Developments in next generation sequencing – June 2014 edition

This is the third edition of this visualisation, previous editions were in October 2013 and December 2012.

As before, full run throughput in gigabases (billion bases) is plotted against single-end read length for the different sequencing platforms, both on a log scale:

A new visualisation

Inspired by GapMinderWorld, a fascinating interactive visualisation of demographic data, and using their recommendations, I created an interactive ‘Motion Chart’ version of this visualisation on a Google spreadsheet. The chart allows to track the metrics throughout the years. Here is the final graph after running though all the data:

The X and Y axis are the same as for the first figure, the size of the data points are correlated with the number of reads per run.
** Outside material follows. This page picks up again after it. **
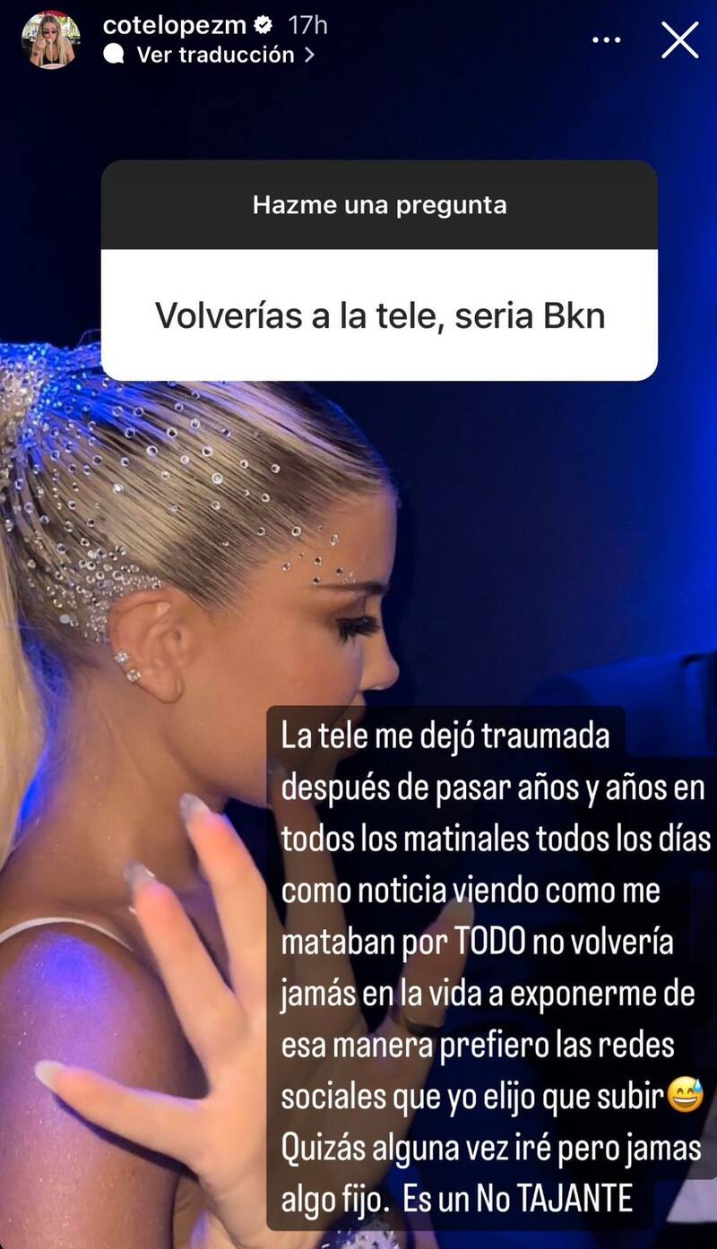 Y sobre la misma, aclaró: “no volvería jamás en la vida a exponerme de esa manera, prefiero las redes sociales (donde) yo elijo qué subir”.
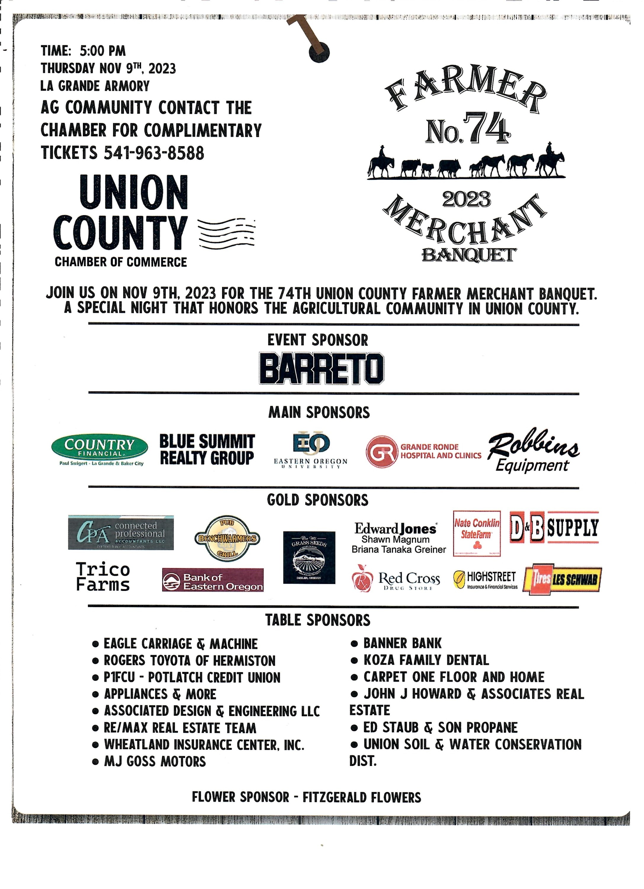 Ag Community please contact the Chamber of Commerce for your Complimentary tickets 541-963-8588 or membership@visitunioncounty.org

You can explore the data interactively yourself by clicking on the graph.

Unfortunately, I didn’t find a way to change the default chart settings, so in order to have the best experience, make sure to adjust the chart as depicted below:

Note that the log scaling does not work as well as in the static picture at the top of this post. This is the reason I did not include the datapoint for Sanger sequencing. If someone can make this graph work in, say python, I’d be happy to include your results!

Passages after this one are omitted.